[Start of section]

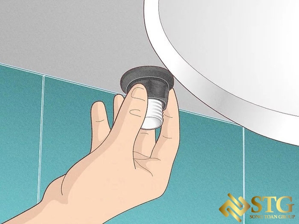 Sử dụng keo silicon hoặc xi măng trắng để dán dưới mặt bích. Đặt thân ống dẫn dưới bồn rửa, đảm bảo rằng lỗ trục được đặt ở phía sau và vặn bích từ phía trên.
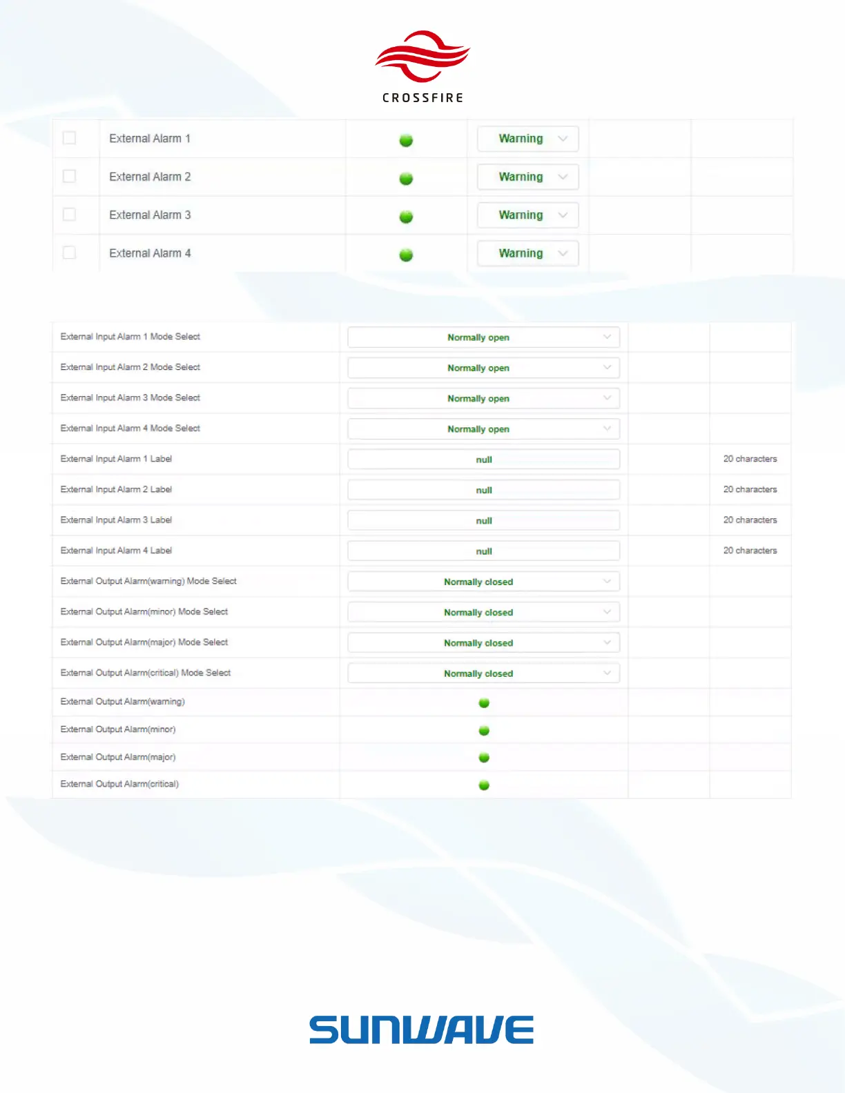 M2RU (2 inputs and 2 outputs). See Figure 38 for detailed PIN configuration of this connector. The external alarms can
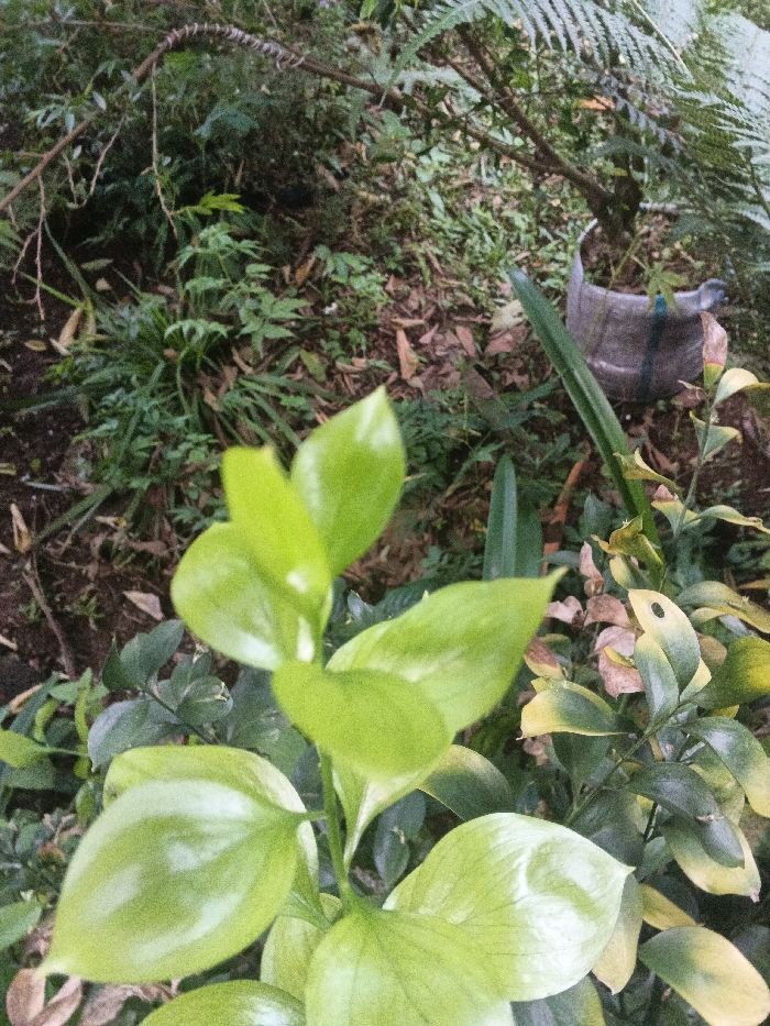 This image depicts a natural outdoor scene in Kon Tum, Vietnam, dominated by dense vegetation. In the immediate foreground, a plant with large, glossy, light-green leaves occupies the lower-left and central portions of the frame, slightly out of focus. To its right, a second plant features smaller, darker green leaves, some exhibiting yellow and brown discoloration. A slender, dark green leaf or blade is visible extending upwards from the lower right. The midground reveals uneven ground covered with green undergrowth, fallen leaves, and exposed soil. A grey, cylindrical container, possibly a modified plastic bottle or fabric pot, is located on the ground in the mid-right, containing a small plant or shrub and secured by a blue strap or tie. The background consists of various shades of green foliage, including a large fern frond in the upper right, along with branches and further undergrowth. No individuals or actions are depicted.
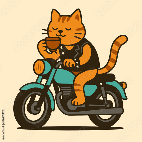 cat, felino, ginger, tabby, animal, pet, cartoon, illustration, drawing, character, mascot, riding, motorcycle, bike, chopper, vehicle, drinking, hot drink, cup, mug, vest, leather, jacket, stud, cool, biker, rebel, rebellious, fun, cute, quirky, whimsical, humorous, playful, funny, retro, vintage, classic, stylish, hip, chill, happy, relaxed, freedom, independent, unique, creative, artistic, graphic
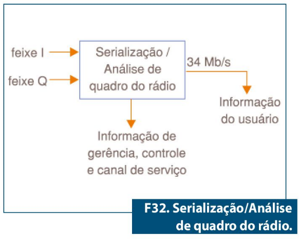 Aplicando a lógica reversa do circuito do transmissor, os feixes I e Q são combinados em um único feixe e os bits de informação do quadro do rádio são entregues ao microprocessador para informações de gerência e controle, conforme foi explicado anteriormente. (Figura 32).
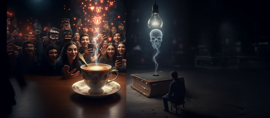 Kahvenin kırk yıllık hatırını kutsarken yazının kırk saniyelik “rahatsızlığı”na tahammül edemeyen çarpık terazinin önünde duruyoruz: tat hafızasıyla şişmiş, düşünce hafızası atrofik[1] bir kültürün aynası bu. Bedensel emek görünürdür; köpüğü parıldar, buharı fotojeniktir, dopamini hızlı verir ve bardağın dibinde telve gibi hemen kalıntı bırakır. Zihinsel emek görünmez; kokusuzdur, sabır ister, sessizlik talep eder—yani çağın üç yasak meyvesi. Kapıda ikram edilen kahveyi dost, ekranda beliren metni polis zanneden zihnin “bildirim refleksi bozukluğu” vardır: uzun cümle görünce sempatik sistem tetiklenir, “kaç/savaş” kipine geçilir, metne bomba muamelesi yapılır, hatta hükümet yetkilileri göreve çağrılır; çünkü zihnin içinde yıllardır biriken barutun kıvılcımını metinden beklemek, suçu aynaya atmanın kadim hilesidir.
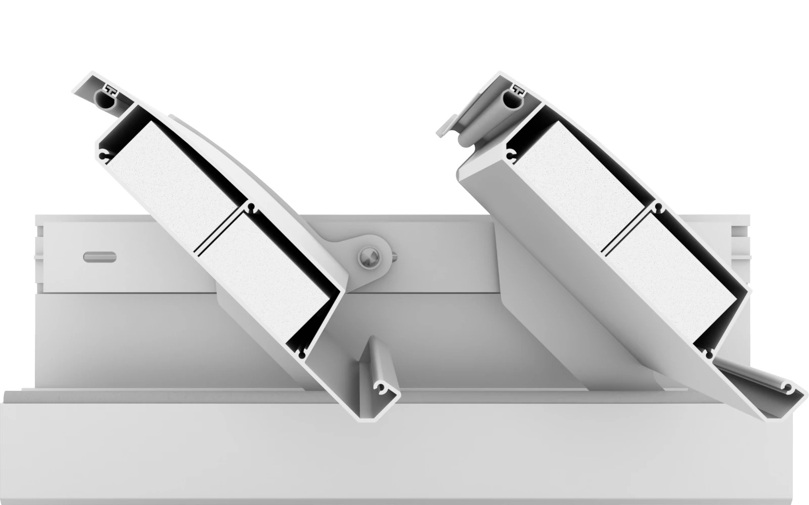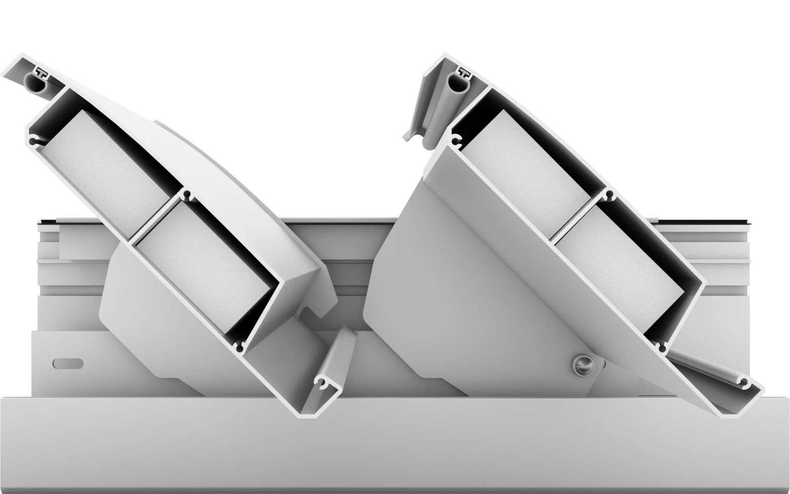 140° elforgatható sík lamella, ebből a típusból építhető a legerősebb tetőszerkezet. A lamellába épített szigetelőanyag csökkenti az eső kopogását, valamint a páralecsapódást.
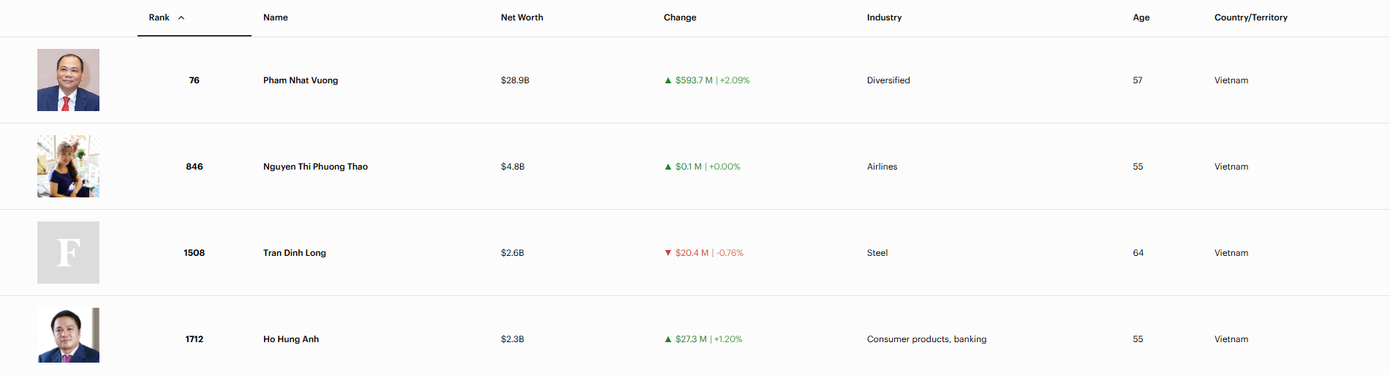 Như vậy, đến cuối năm 2025, Việt Nam có 5 tỷ phú USD , gồm ông Phạm Nhật Vượng, bà Nguyễn Thị Phương Thảo, ông Trần Đình Long, ông Hồ Hùng Anh và ông Nguyễn Đăng Quang. Ông Trần Bá Dương không còn xuất hiện trong danh sách.
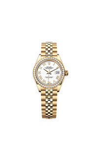 Oyster, 28 mm, yellow gold and diamonds Reference279138RBR Graceful elegance This Oyster PerpetualLady-Datejustin18 ct yellow goldfeaturesa whitedial anda Jubileebracelet. Diamond-set bezel A sparkling symphony Gem-setters, like sculptors, finely carve the precious metal to hand-shape the seat in which each gemstone will be perfectly lodged. With the art and craft of a jeweller, the stone is placed and meticulously aligned with the others, then firmly secured in its gold or platinum setting. Besides the intrinsic quality of the stones, several other criteria contribute to the beauty of Rolex gem-setting: the precise alignment of the height of the gems, their orientation and position, the regularity, strength and proportions of the setting as well as the intricate finishing of the metalwork. A sparkling symphony to enhance the watch and enchant the wearer. White dial Limitless freedom Lacquer combines almost limitless freedom of colour with intensity and a smooth finish. The lacquering technique consists of successively depositing six thin layers of lacquer on a brass base plate. A colourless varnish is then applied to give the colour or shade all of its depth and shine. Once the varnish is dry, the surface of the dial is polished to magnify the colour; the dial is then ready to be pad printed and receive its appliques. 18 ct yellow gold Commitment to excellence By operating its own exclusive foundry, Rolex has the unrivalled ability to cast the highest quality 18 ct gold alloys. According to the proportion of silver, copper, platinum or palladium added, different types of 18 ct gold are obtained: yellow, pink or white. They are made with only the purest metals and meticulously inspected in an in-house laboratory with state-of-the-art equipment, before the gold is formed and shaped with the same painstaking attention to quality. Rolex's commitment to excellence begins at the source. The Jubilee bracelet Supple and comfortable The design, development and production of Rolex bracelets and clasps, as well as the stringent tests they face, involve advanced high technology. And, as with all the components of the watch, aesthetic controls by the human eye guarantee impeccable beauty. The Jubilee, a supple and comfortable five-piece link metal bracelet, was designed and made especially for the launch of the Oyster Perpetual Datejust in 1945.
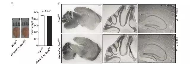 研究表明,上述有运输能力的蛋白叫做动力蛋白激活蛋白(dynein-dynactin),它通过与适应蛋白(adaptor)互相作用,保证运输的正确抵达,SNX6正是adaptor蛋白的一种。从这些信息中,我们不难看出SNX6这类蛋白的重要性,那么这种蛋白对树突的稳定性、突触联系的作用是什么?目前并不清楚,但是又十分重要。现在,我们对这一问题有了新的理解,中科院遗传所的刘佳佳团队及南京大学石云团队近期在eLife杂志发表了他们的最新研究[1],利用SNX6敲除鼠,系统地研究了SNX6对于树突的稳定性和突触传递强弱的影响。文章结果:1. 作者首先利用Nestin-Cre构建了中枢神经系统特异性SNX6基因敲除的小鼠,结果发现敲除鼠的脑体积和结构没有明显变化(图1)。
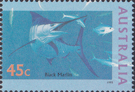 Auf dieser Marke aus Australien (MiNr 1508) ist eine Dickkopf-Stachelmakrele (Caranx ignobilis) abgebildet. Bei Michel wird sie Große Pferdemakrele (Caranx ignobilis) genannt.
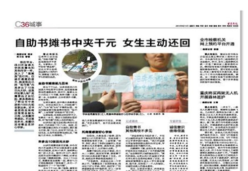 3月15日,《重庆商报》报道此事,引起了大家对诚信的热议以及对川外学子的广泛赞赏。原文链接:
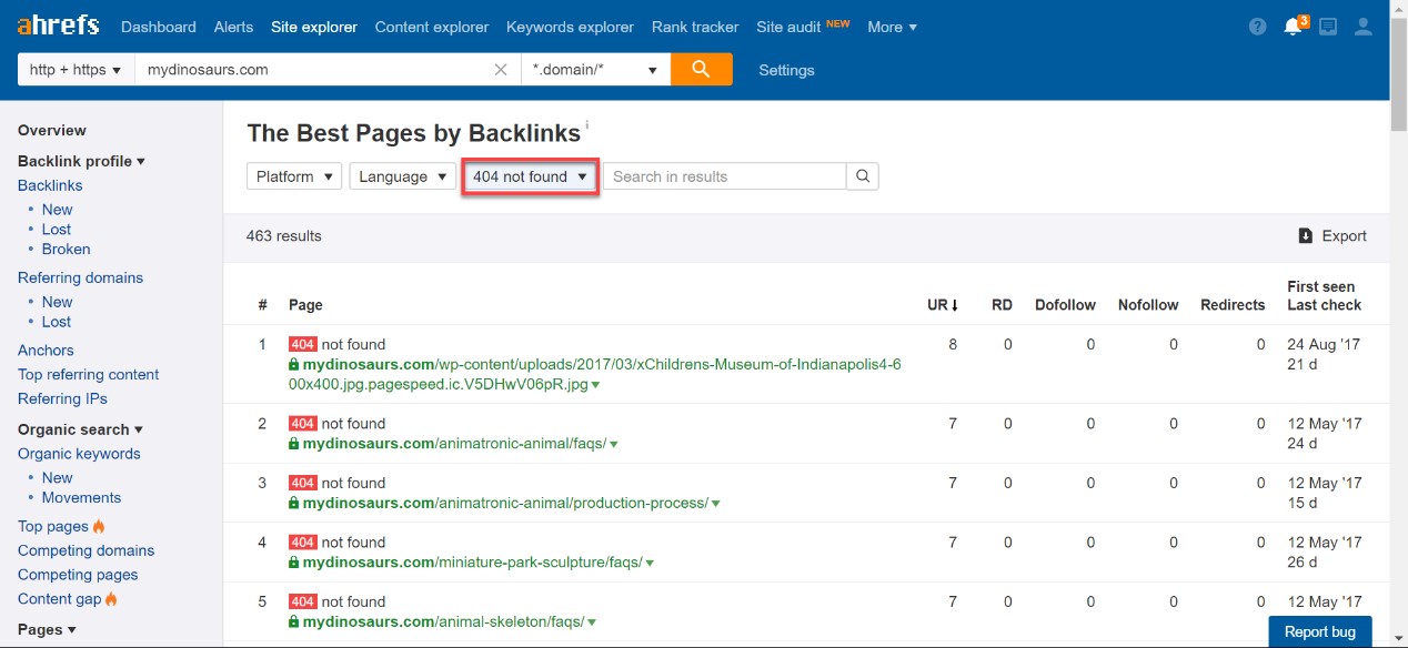 ? Step 1. 使用Ahrefs,在site explorer中输入目标网站域名,点击左侧导航栏Pages-Best by links,然后选择404 not found过滤选项查看404页面:
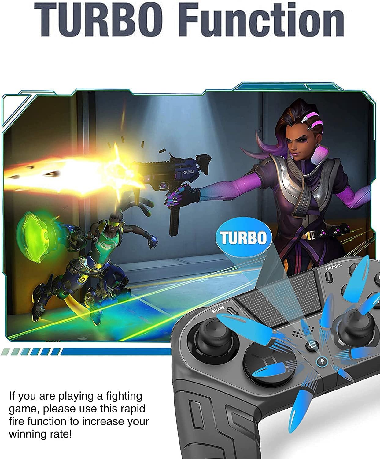 【6-Axis gyroscope, dual vibration and Turbo functions】: The highly sensitive 6-Axis gyroscope supports direction control, shooting aim and character input. Dual vibration gives you the authentic attack and shooting experiences. Skin-friendly touch- the 2 different replaceable crip covers are the best for long time hand grip. If you play fighting games, try the rapid fire function to increase your winning rate!
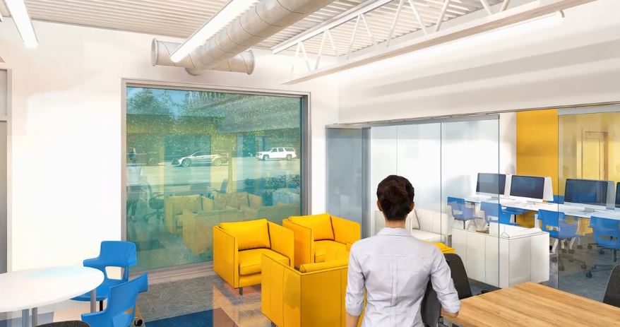 The new Student Learning Commons — including the relocated Library Services  —will expand into the space currently occupied by the nursing lab. It will flow from the side entrance in an open-concept design accented by glass walls and movable furniture to encourage different types of group collaboration. It will also include a multi-purpose area, private study/tutoring rooms, lounge and public-access cafe-style fresh food service replacing vending machines.
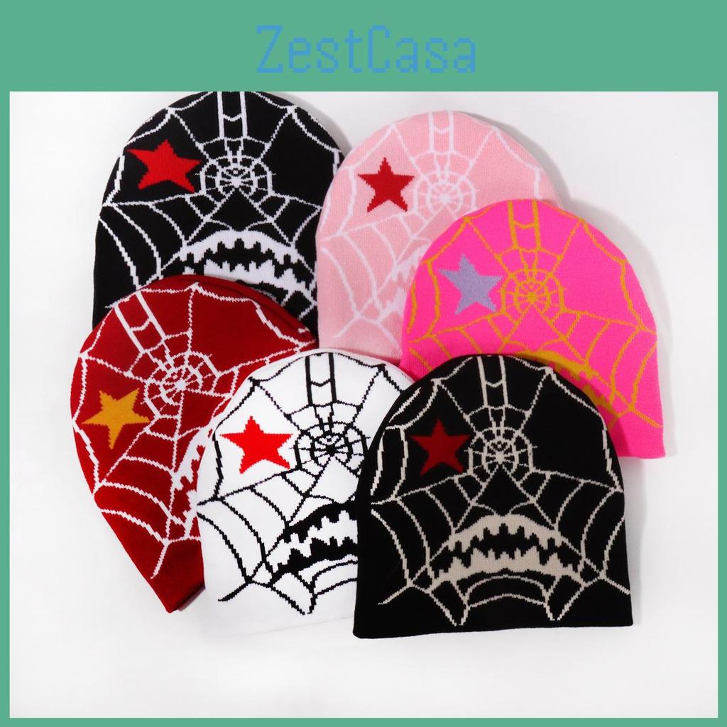 Knit Hat With Spider Web Pattern For Streetwear And Winter Warmth

[End of section]

§ **WHAT TO WORK ON**:
When you repeat the data, keep it exact and drop every picture.

§ **EXERCISE OUTPUT**:
 Sử dụng keo silicon hoặc xi măng trắng để dán dưới mặt bích. Đặt thân ống dẫn dưới bồn rửa, đảm bảo rằng lỗ trục được đặt ở phía sau và vặn bích từ phía trên.
 M2RU (2 inputs and 2 outputs). See Figure 38 for detailed PIN configuration of this connector. The external alarms can
 This image depicts a natural outdoor scene in Kon Tum, Vietnam, dominated by dense vegetation. In the immediate foreground, a plant with large, glossy, light-green leaves occupies the lower-left and central portions of the frame, slightly out of focus. To its right, a second plant features smaller, darker green leaves, some exhibiting yellow and brown discoloration. A slender, dark green leaf or blade is visible extending upwards from the lower right. The midground reveals uneven ground covered with green undergrowth, fallen leaves, and exposed soil. A grey, cylindrical container, possibly a modified plastic bottle or fabric pot, is located on the ground in the mid-right, containing a small plant or shrub and secured by a blue strap or tie. The background consists of various shades of green foliage, including a large fern frond in the upper right, along with branches and further undergrowth. No individuals or actions are depicted.
 cat, felino, ginger, tabby, animal, pet, cartoon, illustration, drawing, character, mascot, riding, motorcycle, bike, chopper, vehicle, drinking, hot drink, cup, mug, vest, leather, jacket, stud, cool, biker, rebel, rebellious, fun, cute, quirky, whimsical, humorous, playful, funny, retro, vintage, classic, stylish, hip, chill, happy, relaxed, freedom, independent, unique, creative, artistic, graphic
 Aplicando a lógica reversa do circuito do transmissor, os feixes I e Q são combinados em um único feixe e os bits de informação do quadro do rádio são entregues ao microprocessador para informações de gerência e controle, conforme foi explicado anteriormente. (Figura 32).
 Kahvenin kırk yıllık hatırını kutsarken yazının kırk saniyelik “rahatsızlığı”na tahammül edemeyen çarpık terazinin önünde duruyoruz: tat hafızasıyla şişmiş, düşünce hafızası atrofik[1] bir kültürün aynası bu. Bedensel emek görünürdür; köpüğü parıldar, buharı fotojeniktir, dopamini hızlı verir ve bardağın dibinde telve gibi hemen kalıntı bırakır. Zihinsel emek görünmez; kokusuzdur, sabır ister, sessizlik talep eder—yani çağın üç yasak meyvesi. Kapıda ikram edilen kahveyi dost, ekranda beliren metni polis zanneden zihnin “bildirim refleksi bozukluğu” vardır: uzun cümle görünce sempatik sistem tetiklenir, “kaç/savaş” kipine geçilir, metne bomba muamelesi yapılır, hatta hükümet yetkilileri göreve çağrılır; çünkü zihnin içinde yıllardır biriken barutun kıvılcımını metinden beklemek, suçu aynaya atmanın kadim hilesidir.
 140° elforgatható sík lamella, ebből a típusból építhető a legerősebb tetőszerkezet. A lamellába épített szigetelőanyag csökkenti az eső kopogását, valamint a páralecsapódást.
 Như vậy, đến cuối năm 2025, Việt Nam có 5 tỷ phú USD , gồm ông Phạm Nhật Vượng, bà Nguyễn Thị Phương Thảo, ông Trần Đình Long, ông Hồ Hùng Anh và ông Nguyễn Đăng Quang. Ông Trần Bá Dương không còn xuất hiện trong danh sách.
 Oyster, 28 mm, yellow gold and diamonds Reference279138RBR Graceful elegance This Oyster PerpetualLady-Datejustin18 ct yellow goldfeaturesa whitedial anda Jubileebracelet. Diamond-set bezel A sparkling symphony Gem-setters, like sculptors, finely carve the precious metal to hand-shape the seat in which each gemstone will be perfectly lodged. With the art and craft of a jeweller, the stone is placed and meticulously aligned with the others, then firmly secured in its gold or platinum setting. Besides the intrinsic quality of the stones, several other criteria contribute to the beauty of Rolex gem-setting: the precise alignment of the height of the gems, their orientation and position, the regularity, strength and proportions of the setting as well as the intricate finishing of the metalwork. A sparkling symphony to enhance the watch and enchant the wearer. White dial Limitless freedom Lacquer combines almost limitless freedom of colour with intensity and a smooth finish. The lacquering technique consists of successively depositing six thin layers of lacquer on a brass base plate. A colourless varnish is then applied to give the colour or shade all of its depth and shine. Once the varnish is dry, the surface of the dial is polished to magnify the colour; the dial is then ready to be pad printed and receive its appliques. 18 ct yellow gold Commitment to excellence By operating its own exclusive foundry, Rolex has the unrivalled ability to cast the highest quality 18 ct gold alloys. According to the proportion of silver, copper, platinum or palladium added, different types of 18 ct gold are obtained: yellow, pink or white. They are made with only the purest metals and meticulously inspected in an in-house laboratory with state-of-the-art equipment, before the gold is formed and shaped with the same painstaking attention to quality. Rolex's commitment to excellence begins at the source. The Jubilee bracelet Supple and comfortable The design, development and production of Rolex bracelets and clasps, as well as the stringent tests they face, involve advanced high technology. And, as with all the components of the watch, aesthetic controls by the human eye guarantee impeccable beauty. The Jubilee, a supple and comfortable five-piece link metal bracelet, was designed and made especially for the launch of the Oyster Perpetual Datejust in 1945.
 研究表明,上述有运输能力的蛋白叫做动力蛋白激活蛋白(dynein-dynactin),它通过与适应蛋白(adaptor)互相作用,保证运输的正确抵达,SNX6正是adaptor蛋白的一种。从这些信息中,我们不难看出SNX6这类蛋白的重要性,那么这种蛋白对树突的稳定性、突触联系的作用是什么?目前并不清楚,但是又十分重要。现在,我们对这一问题有了新的理解,中科院遗传所的刘佳佳团队及南京大学石云团队近期在eLife杂志发表了他们的最新研究[1],利用SNX6敲除鼠,系统地研究了SNX6对于树突的稳定性和突触传递强弱的影响。文章结果:1. 作者首先利用Nestin-Cre构建了中枢神经系统特异性SNX6基因敲除的小鼠,结果发现敲除鼠的脑体积和结构没有明显变化(图1)。
 Auf dieser Marke aus Australien (MiNr 1508) ist eine Dickkopf-Stachelmakrele (Caranx ignobilis) abgebildet. Bei Michel wird sie Große Pferdemakrele (Caranx ignobilis) genannt.
 3月15日,《重庆商报》报道此事,引起了大家对诚信的热议以及对川外学子的广泛赞赏。原文链接:
 ? Step 1. 使用Ahrefs,在site explorer中输入目标网站域名,点击左侧导航栏Pages-Best by links,然后选择404 not found过滤选项查看404页面:
 【6-Axis gyroscope, dual vibration and Turbo functions】: The highly sensitive 6-Axis gyroscope supports direction control, shooting aim and character input. Dual vibration gives you the authentic attack and shooting experiences. Skin-friendly touch- the 2 different replaceable crip covers are the best for long time hand grip. If you play fighting games, try the rapid fire function to increase your winning rate!
 The new Student Learning Commons — including the relocated Library Services  —will expand into the space currently occupied by the nursing lab. It will flow from the side entrance in an open-concept design accented by glass walls and movable furniture to encourage different types of group collaboration. It will also include a multi-purpose area, private study/tutoring rooms, lounge and public-access cafe-style fresh food service replacing vending machines.
 Knit Hat With Spider Web Pattern For Streetwear And Winter Warmth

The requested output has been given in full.